> [EXERCISE OBJECTIVE]:
Restate word for word the opening line of the data below and every line after it until the line with "Pièce Essentielle Du", that line too, but not the pictures.

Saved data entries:
####
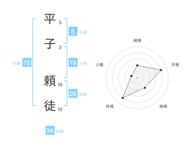 平子 頼徒さんを姓名の画数から五運を鑑定
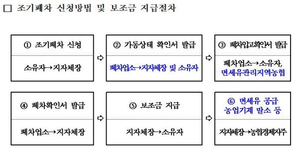 신청대상은 농업경영체 등록을 한 농업인과 농업법인이며, 지원대상 농기계는 농협 ‘면세유 관리시스템’ 기준 등록된 2013년 이전(‘12. 12.31.) 생산 경유 트랙터·콤바인에 한한다.
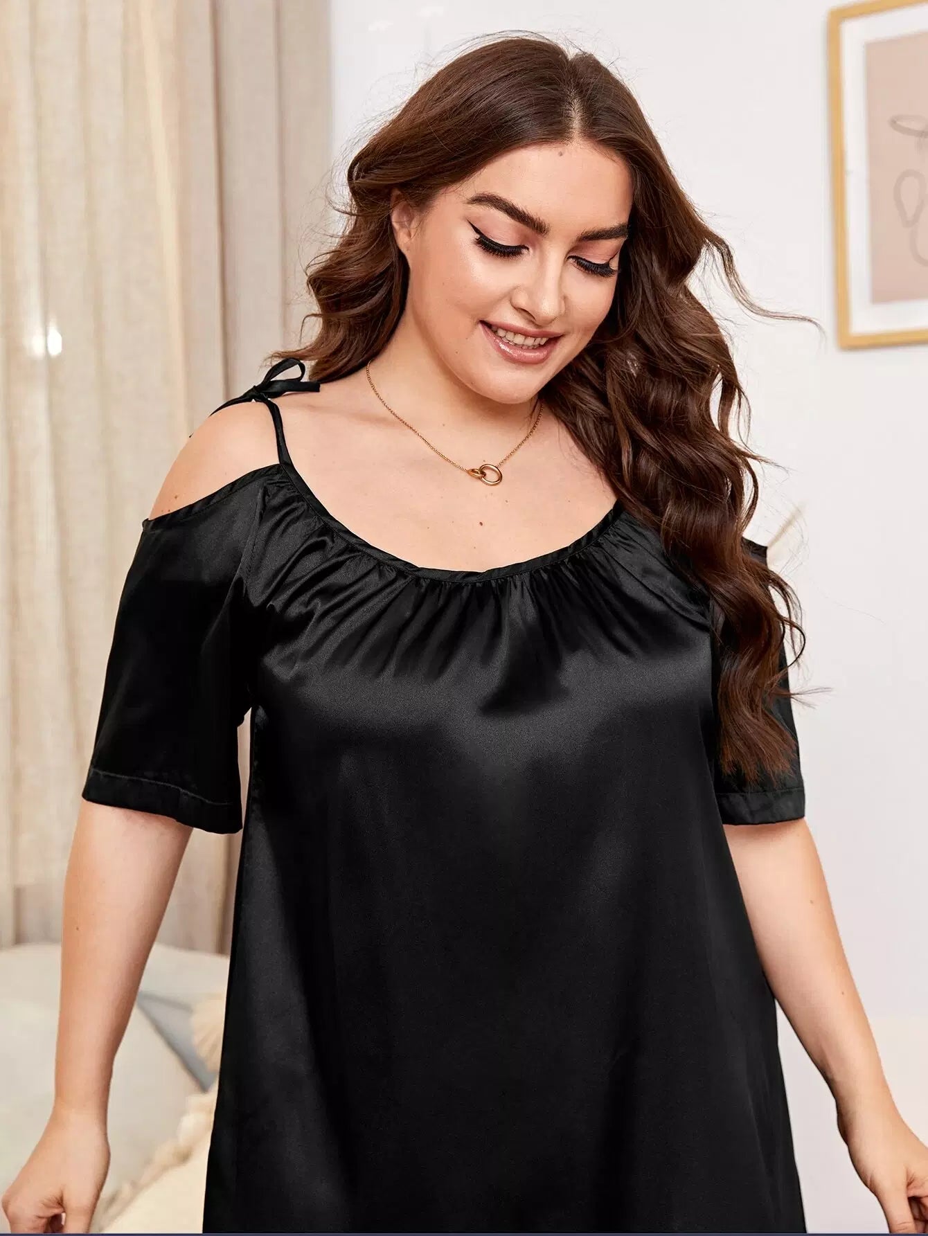 نحيف - مقاس كبير فستان نوم من الساتان بحاشية مكشكشة على الكتف البارد
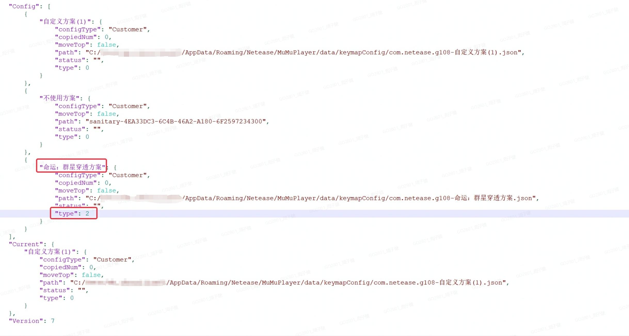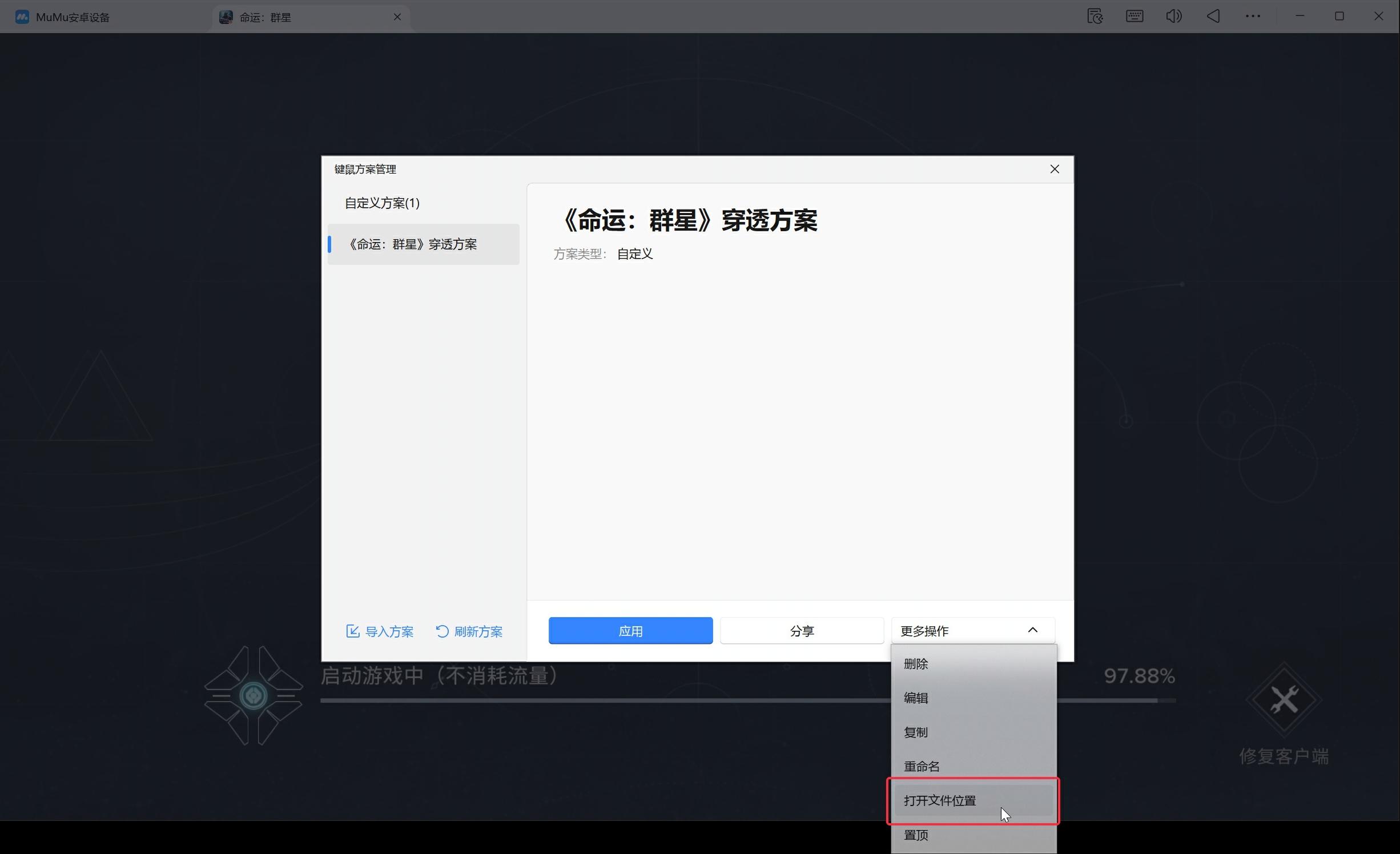导入完成后,选中已导入的方案,点击右下角更多,点击打开本地文件,在弹出的Windows窗口内找到【com.netease.g108.json】文件并打开,找到<命运:群星穿透方案>,将"type:0"修改成"type:2",保存后关闭。
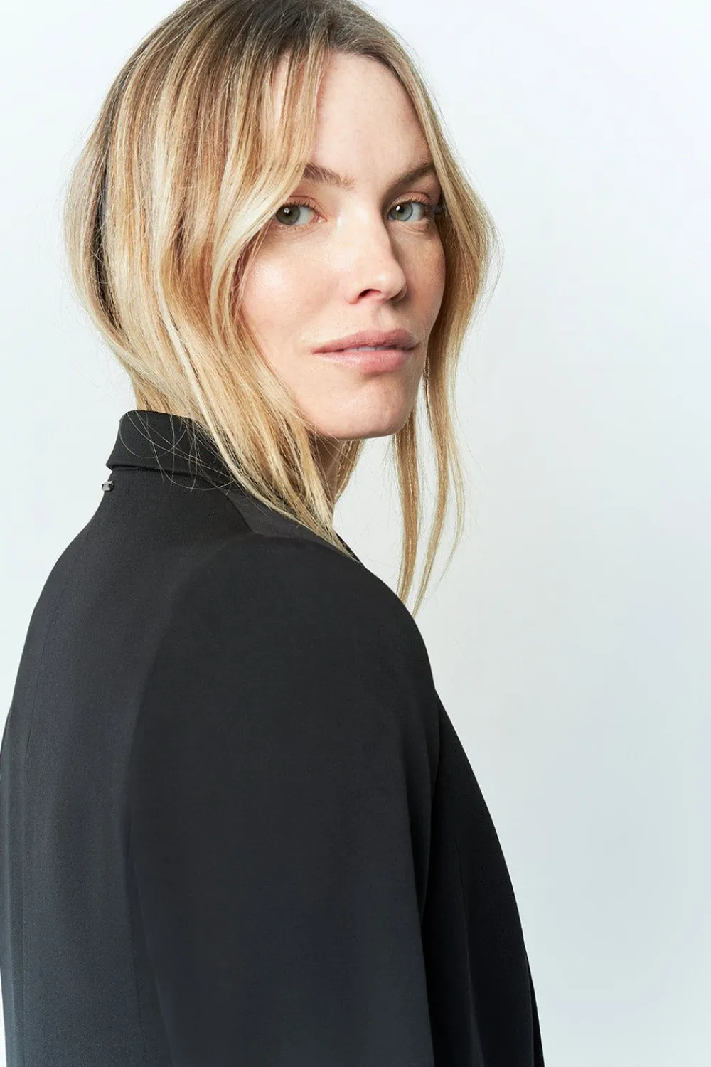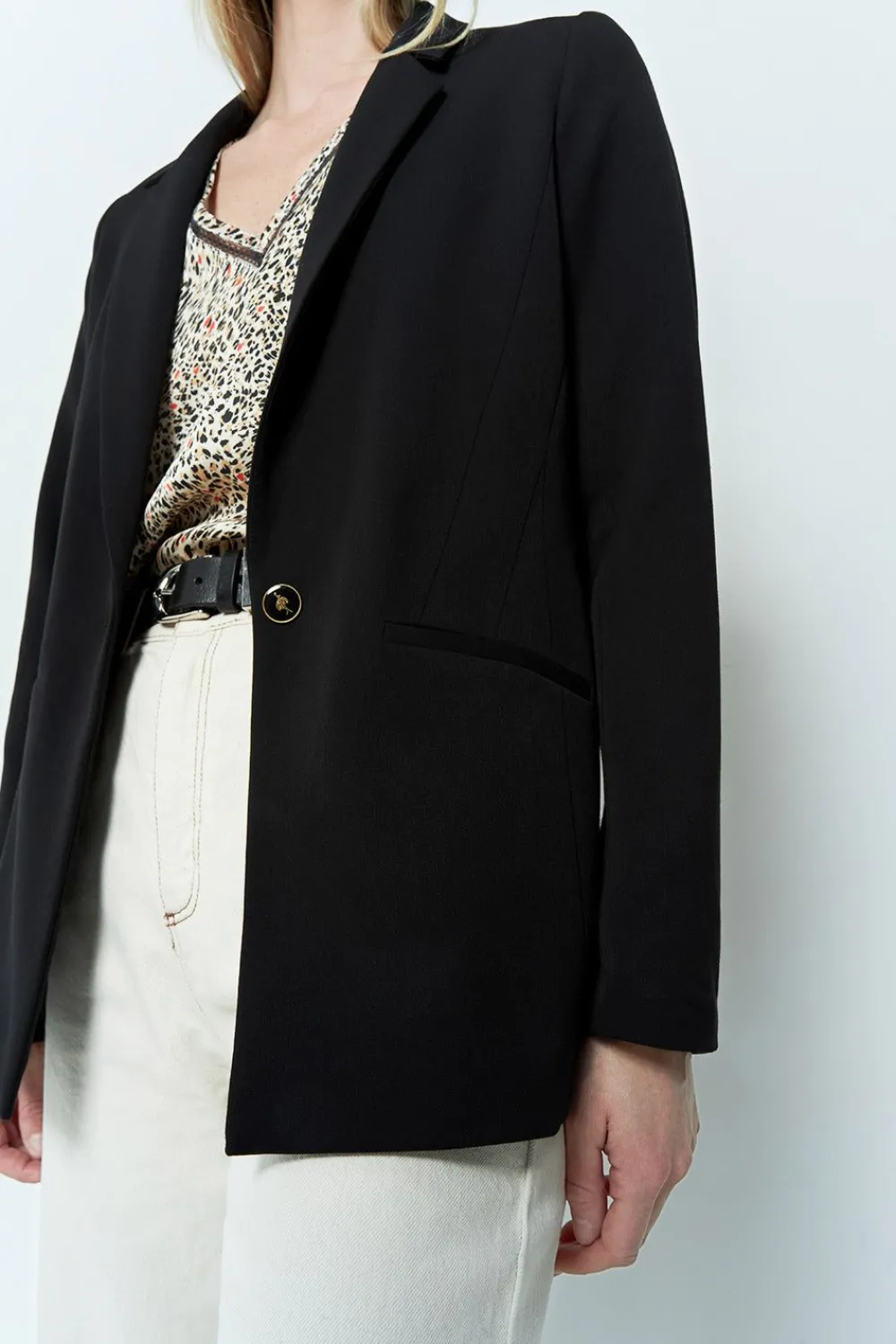 Pièce Essentielle Du Vestiaire, La Veste De Costume Noire Parfaite S’Appelle Vaya. En Toile Façon Laine Froide, Elle Dévoile Une Doublure Satinée À Fines Rayures. Les Découpes Placées Sur Les Côtés Structurent La Pièce. Son Clin D’Œil Féminin ? Un Bouton Danseuse Délicat.
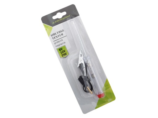 Urządzenie przeznaczone do lokalizacji napięcia w instalacjach elektrycznych samochodów z instalacjami 6/24V. Wewnątrz przeźroczystego uchwytu umieszczona jest lampka, która w momencie wykrycia napięcia zapali się. Przewód z krokodylkiem ułatwi montaż. Jest niezbędny podczas wyszukiwania awarii przewodów elektrycznych w samochodzie oraz służy do szybkiego odnajdywania braku napięcia w układach elektrycznych, bezpiecznikach lub oświetleniu.
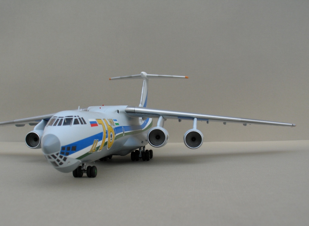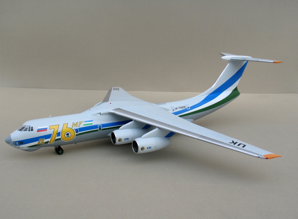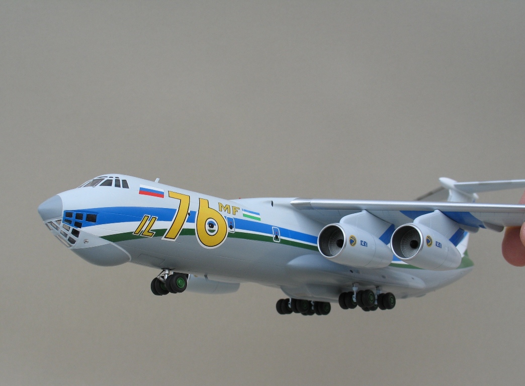 Всем здравствуйте!Впервые вживую Ил-76МФ я увидел на выставке МАКС 2003.Самолет понравился.Через год прикупил кит от Трумпетера и естественно,захотелось собрать именно ТАКОЙ Ил.О косяках производителях говорить не буду.Решил сделать изкаробку,изменив только то,что уж очень бросается в глаза.А это-колеса шасси(диски) и остекление кабины пилотов.Колеса дополнил фототравлением от Extratech,а форму переплета кабины пилотов(что дает производитель),я убрал.Тщательно заполировав остекление,нанес свои маски.Вставки в фюзеляж сделал из эпоксидки и стеклоткани,накрутив на трубу соответствующего диаметра.Хвостовую часть переделал на гражданский вариант,убрав турель.На этом первый этап изготовления модели закончился и Ил лег в долгий ящик лет так на 7.Сдерживающим фактором являлось отсутствие двигателей ПС-90.И вот,на просторах инета я узнаю,что в Хабаровске,один мастер изготавливает из смолы классные движки в 144 массштабе и именно ПС-90!!!!Заказал,приобрел,порадовался!!!Продолжил сборку...Как раз недавно в журнале Авиация и время опубликовали чертежи Ил-76МФ(помогло очень с пилонами).Из доработок по модели изготовил также внутренний пилон закрылка(китайцы про него забыли).Стойки шасси доработал фототравлением и изготовил двузвенники на основные опоры.Проблесковые маяки и белый БАНО от Elf.Шелковую декаль заказал у своего знакомого..За эти 10 с лишним лет,каким только регистрационным номером он не был!!!И UK 76900,и ИС 76900,и RA 76900 и просто 76900 без букв.Решил сделать таким,как его видел тогда.Кстати,тогда правый борт украшала надпись на русском ИЛ 76 МФ а левый на английском IL 76 MF.В данный момент надписи на английском слева и справа.Дополнительный номер 338(для авиашоу)наносить не стал.Покраска автомобильными нитро.Тонировка-рули,рампа.Грязнить не стал,ведь самодет как-никак для показушек!Ну вот пожалуй и все! Спасибо за внимание!!!
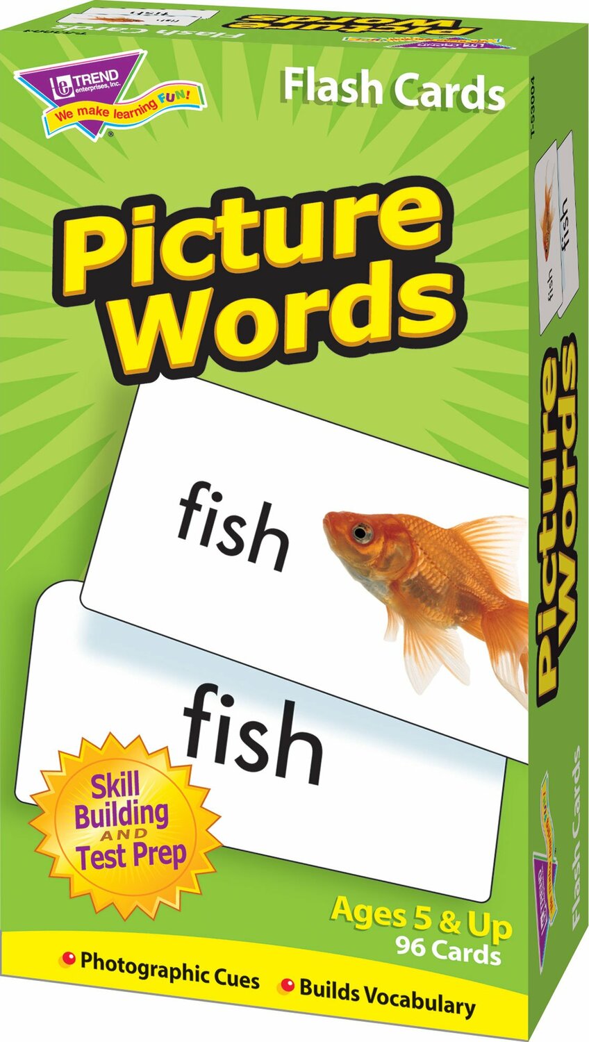 Regular price $11.99Build a strong foundation of reading and communication skills with these content-rich, high-interest flash cards. Photo cues help readers make the mental connection between familiar real-life objects and the written words that represent them; as confidence increases, switch to the other side of the card to challenge reading each word without the picture assistance. Featured, commonly-used words are drawn from the 'Dolch' and 'Fry' Instant Words lists.
####
> [SOLUTION FOR THIS PROBLEM]:
 平子 頼徒さんを姓名の画数から五運を鑑定
 신청대상은 농업경영체 등록을 한 농업인과 농업법인이며, 지원대상 농기계는 농협 ‘면세유 관리시스템’ 기준 등록된 2013년 이전(‘12. 12.31.) 생산 경유 트랙터·콤바인에 한한다.
 نحيف - مقاس كبير فستان نوم من الساتان بحاشية مكشكشة على الكتف البارد
导入完成后,选中已导入的方案,点击右下角更多,点击打开本地文件,在弹出的Windows窗口内找到【com.netease.g108.json】文件并打开,找到<命运:群星穿透方案>,将"type:0"修改成"type:2",保存后关闭。
 Pièce Essentielle Du Vestiaire, La Veste De Costume Noire Parfaite S’Appelle Vaya. En Toile Façon Laine Froide, Elle Dévoile Une Doublure Satinée À Fines Rayures. Les Découpes Placées Sur Les Côtés Structurent La Pièce. Son Clin D’Œil Féminin ? Un Bouton Danseuse Délicat.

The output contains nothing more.